» **What you have to do**:
If a record holds a picture, omit that picture and copy everything else exactly.

» **The data**:
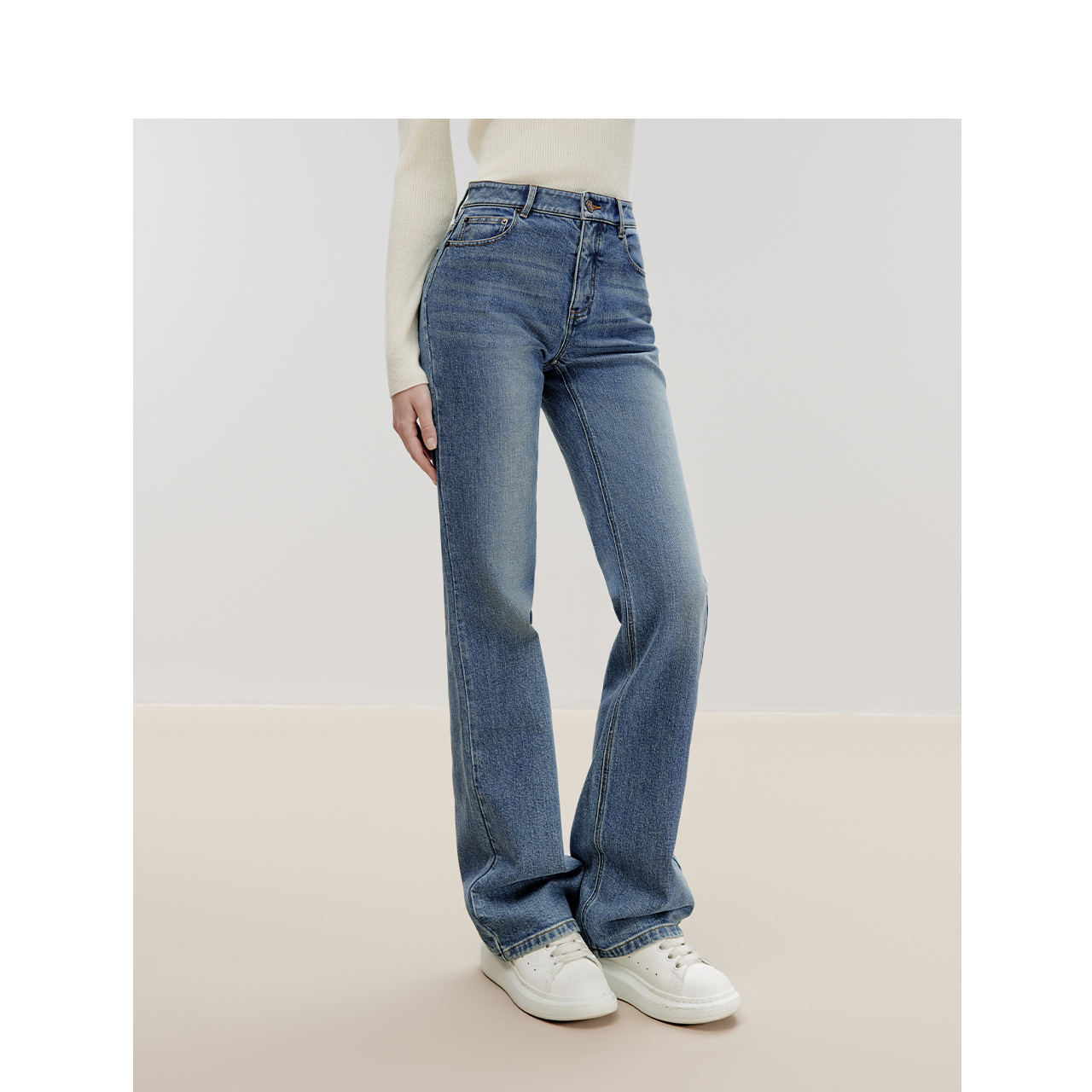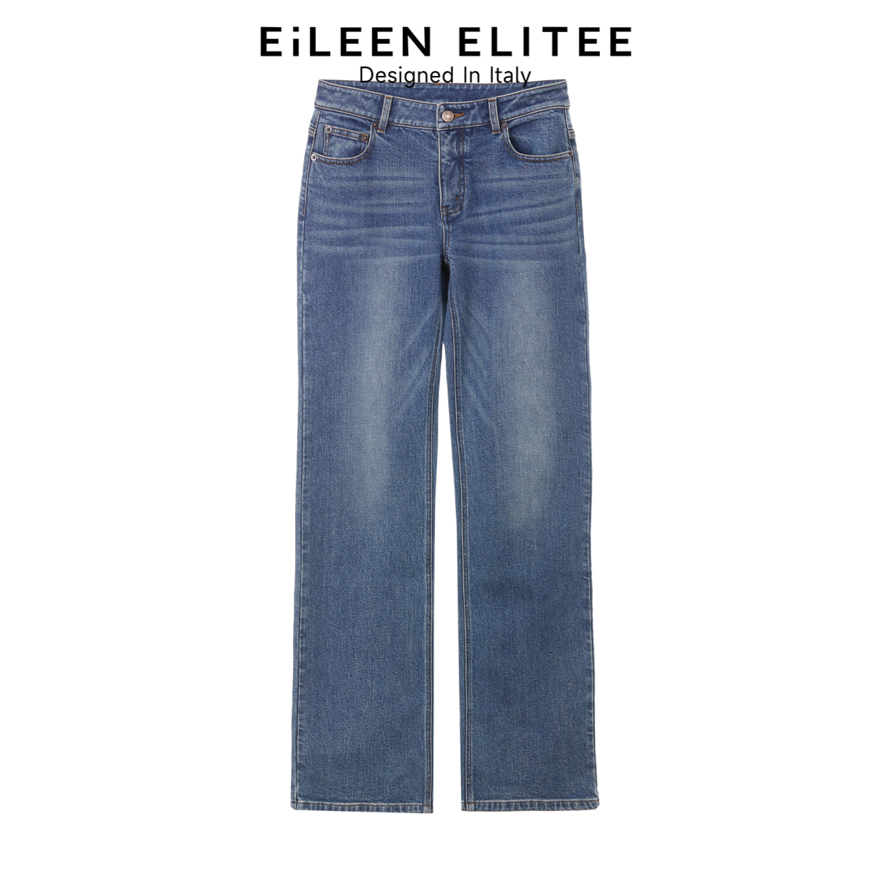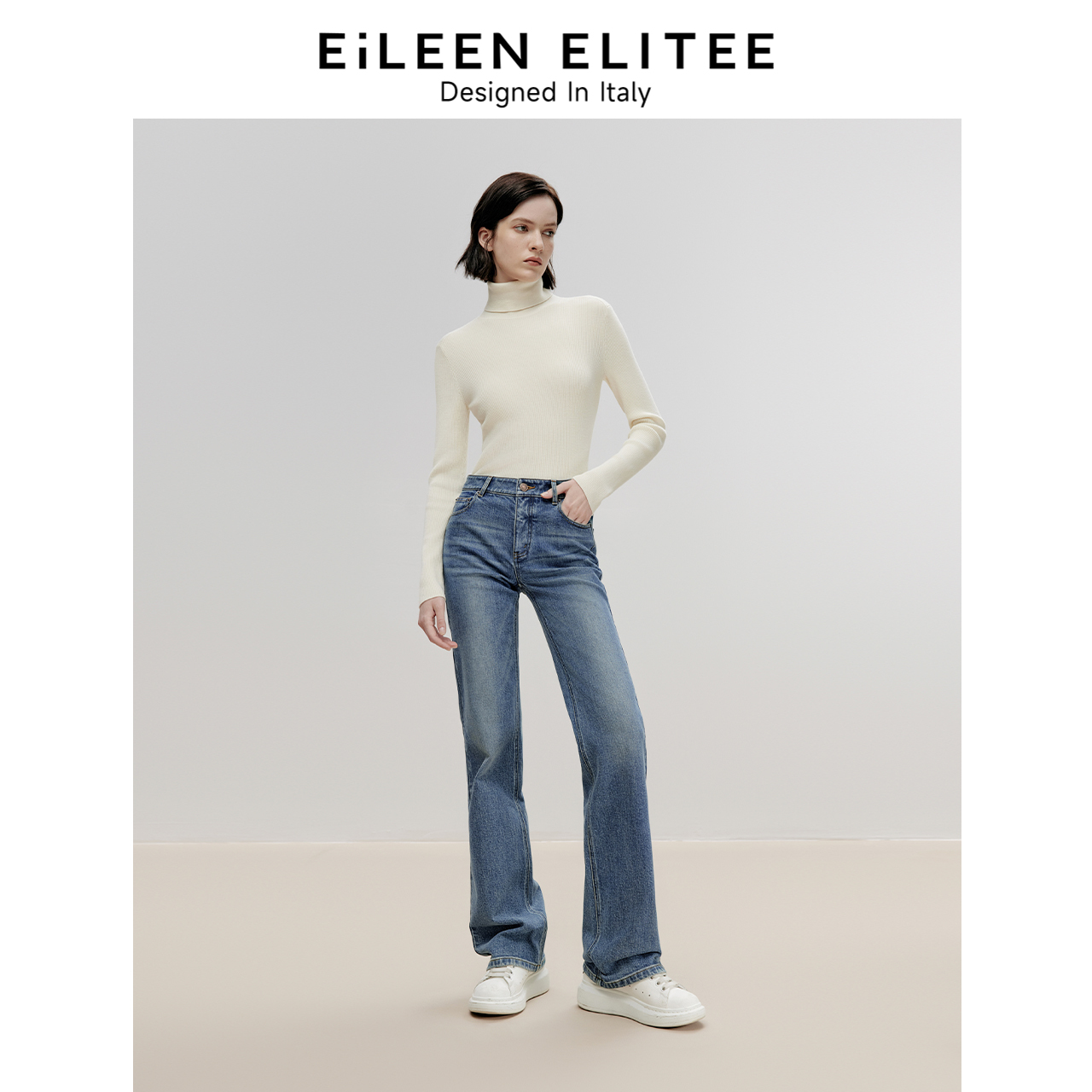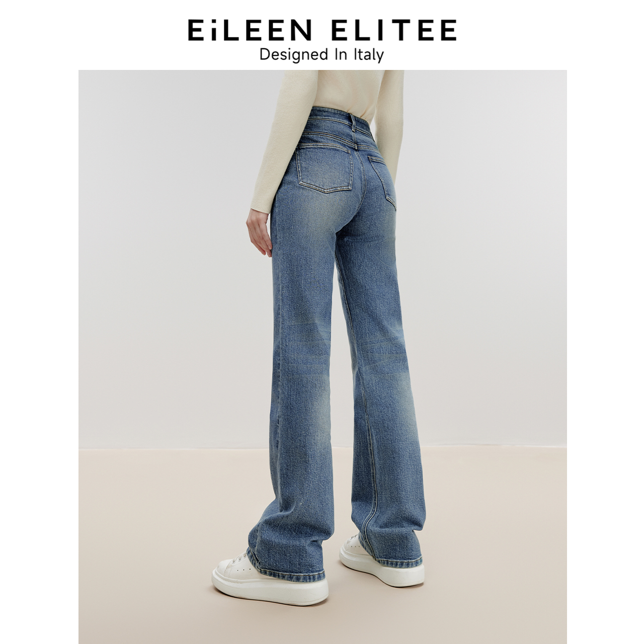 新款 朗姿欧洲EiLEEN 休闲气质直筒2024冬季 长裤 ELITEE棉质牛仔裤
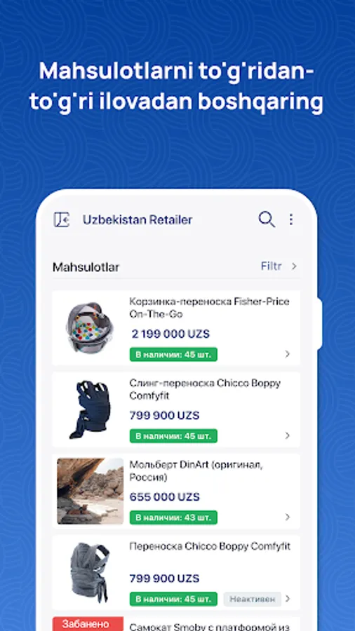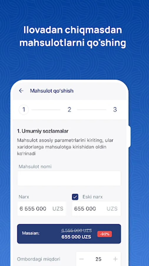 📲 Ilovaning barcha funksiyalari savdoyingizni soddalashtirishga, sizga va xaridorga qulay bo'lishiga qaratilgan. Ko'p eshitgandan ko'ra bir marta ilovadan foydalanib ko'ring va onlayn savdoyingiz rivojlanib ketganidan zavqlaning!😍
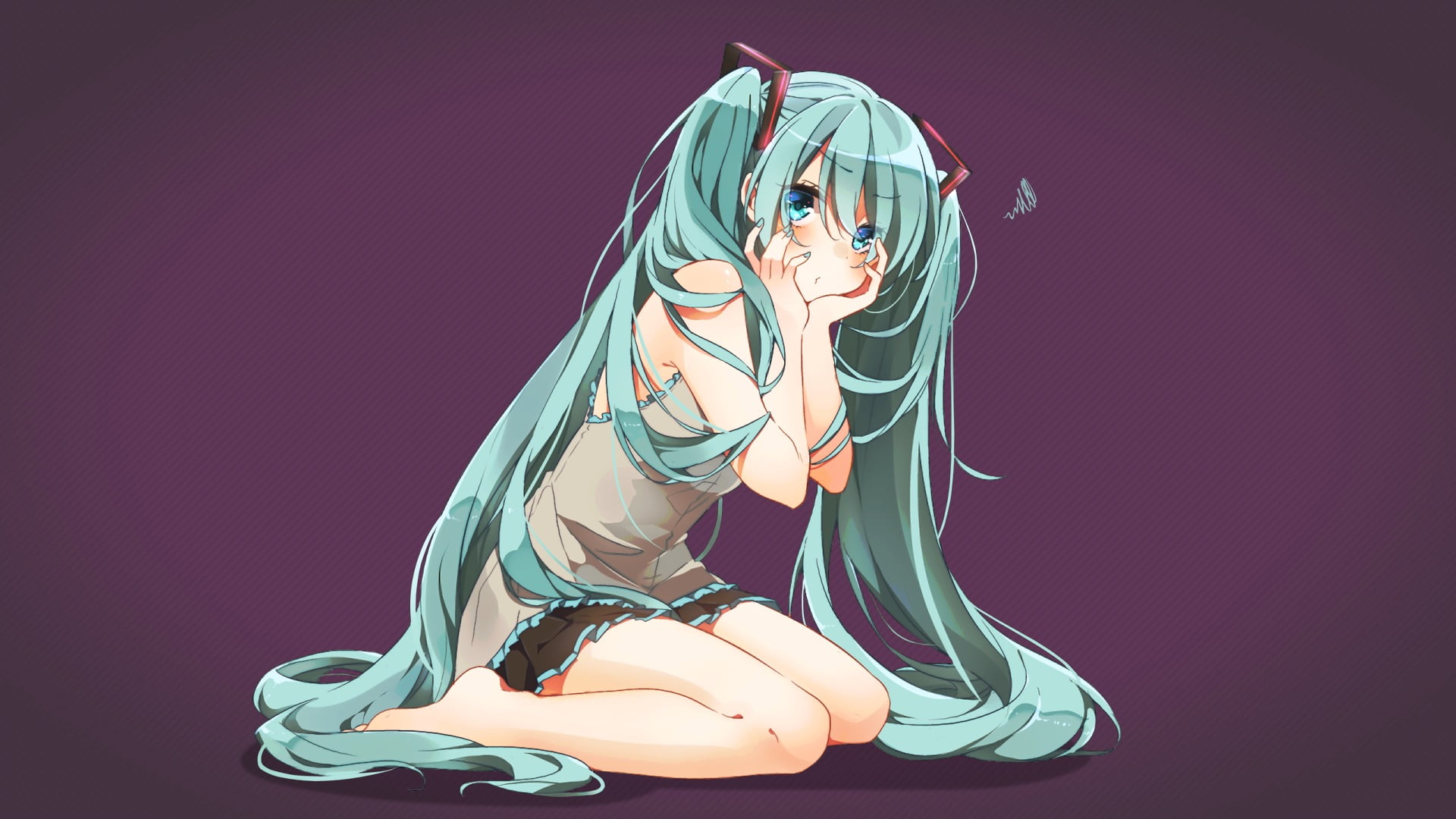 Stunning 4K high-resolution wallpaper featuring Hatsune Miku sitting gracefully with her iconic long teal twin-tails. Beautiful anime art with a purple background, showcasing detailed illustration and vibrant colors perfect for desktop.
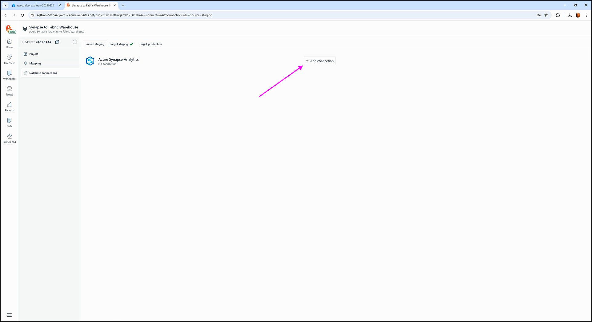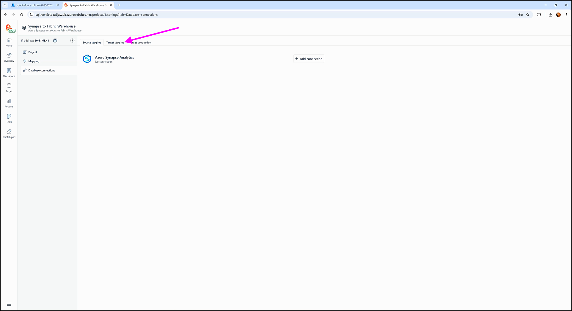 Now click the Target staging tab in the Database connections section.
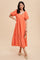 Coral Eyelet Scalloped V-Neck Short Puff Sleeve Midi Dress
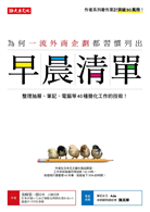 美崎榮一郎分析自己的工作模式,發現想要提升效率、每天只需上班5小時,就得從列出「早晨清單」減少出錯開始,進而有效管理周遭的事物、資訊、email、人際關係等。書中提供 40種不浪費時間、簡化工作的技巧,你只要花一小時看完本書,就能超速處理繁雜工作,並展現驚人成效!
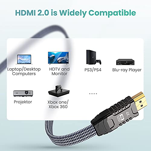 Cavo HDMI 2M, Snowkids High Speed 4K@60Hz HDMI 2.0 Flat Cable 18Gbps HDCP 2.2 Nylon Flushing Compatible con, UHD 2160p, HD 1080p, 3D, ARC, LG, PS3/PS4-Gray

» **Exercise response**:
 新款 朗姿欧洲EiLEEN 休闲气质直筒2024冬季 长裤 ELITEE棉质牛仔裤
 📲 Ilovaning barcha funksiyalari savdoyingizni soddalashtirishga, sizga va xaridorga qulay bo'lishiga qaratilgan. Ko'p eshitgandan ko'ra bir marta ilovadan foydalanib ko'ring va onlayn savdoyingiz rivojlanib ketganidan zavqlaning!😍
 Stunning 4K high-resolution wallpaper featuring Hatsune Miku sitting gracefully with her iconic long teal twin-tails. Beautiful anime art with a purple background, showcasing detailed illustration and vibrant colors perfect for desktop.
 Now click the Target staging tab in the Database connections section.
 Coral Eyelet Scalloped V-Neck Short Puff Sleeve Midi Dress
 美崎榮一郎分析自己的工作模式,發現想要提升效率、每天只需上班5小時,就得從列出「早晨清單」減少出錯開始,進而有效管理周遭的事物、資訊、email、人際關係等。書中提供 40種不浪費時間、簡化工作的技巧,你只要花一小時看完本書,就能超速處理繁雜工作,並展現驚人成效!
 Cavo HDMI 2M, Snowkids High Speed 4K@60Hz HDMI 2.0 Flat Cable 18Gbps HDCP 2.2 Nylon Flushing Compatible con, UHD 2160p, HD 1080p, 3D, ARC, LG, PS3/PS4-Gray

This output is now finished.